The over-stuffed libretto is stuck in the quandary of not being about anything in the particular sense, and of being about too much in the general sense. On the surface, it’s a rambling discussion of topical issues: anti-Vietnam War activism, the destruction of the environment, protest against capitalism and consumer society, gay liberation and more. But that’s not all: the complicated mix is complicated further by introducing the evil spread of technology, haiku poetry and Zen meditation, the Iran-Contra hearings, Panamanian dictator Manuel Noriega—the ingredients tumble together and brush against each other like clothes in a washing machine. It’s all just too much—free association taken to the point of sensory overload.
Glass stated that when he composes an opera he aims to respect the integrity of the language, but at BC, Ginsberg’s text was literally hard to understand as sung. It wasn’t that the vocalists were not enunciating crisply enough or that there was a faulty balance between instruments and voices. But Ginsberg’s verbiage just got swallowed up by Glass’s sound-scape, even with the help of simultaneous projected titles at either side of the stage.

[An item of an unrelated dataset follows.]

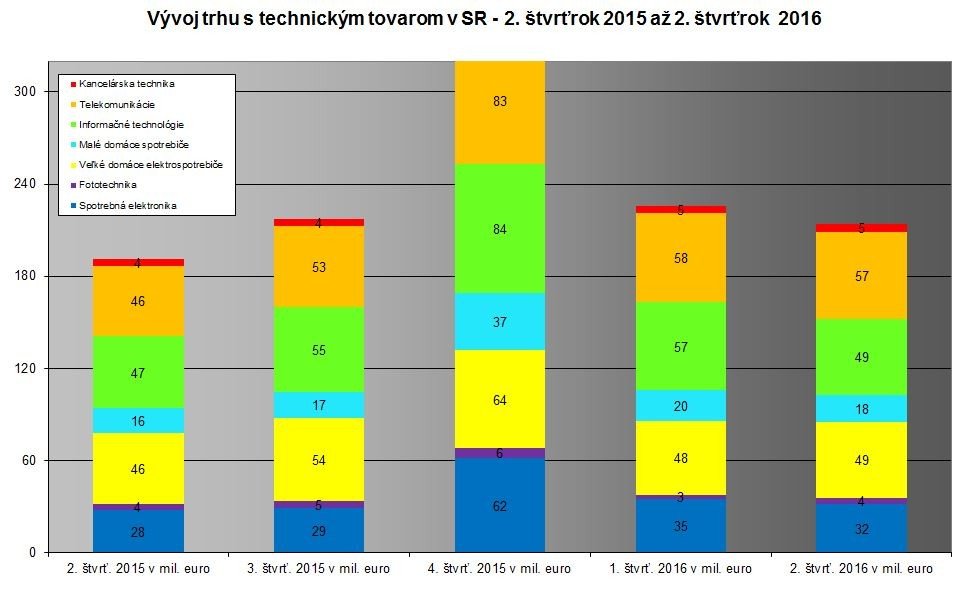V druhom kvartáli 2016 zaznamenal sektor spotrebnej elektroniky na Slovensku rast na úrovni 14,9 % v porovnaní s rovnakým obdobím roku 2015. Predaje televízorov v 2. kvartáli 2016 oproti 2. kvartálu 2015 významne vzrástli v hodnotovom vyjadrení a to hlavne vďaka väčšej orientácii zákazníkov na uhlopriečky 40 palcov a viac, ktoré medziročne vzrástli o takmer 22 %. Silný rast bol zaznamenaný aj v segmente set-top-boxov a to hlavne vďaka rastúcemu záujmu o funkciu DVB-S2, ktorý vyvolal plánovaný prechod na druhú generáciu štandardu pre satelitné vysielanie v roku 2016.

Everything else about Hydrogen Jukebox at BC came together with professionalism and bravura. Ezra Joshua Sanders did well with passages of off-stage, spoken narration that were performed by Ginsberg in the first production and on the recording. Set designer Julia Noulin-Merat brought visual fluency and flexibility with movable chairs and a ladder on wheels that saw continual and imaginative use. The American flag was a constant presence, both as a projected backdrop and actual drape and was employed as a beach blanket, a funeral shroud, and more. The fast-moving, cohesive performance that was unified by Turner’s and Troup’s direction couldn’t have been improved, which left you at the end feeling both satisfied and let down by how compromised the literary element had been.
John Engstrom lives in the West Fens.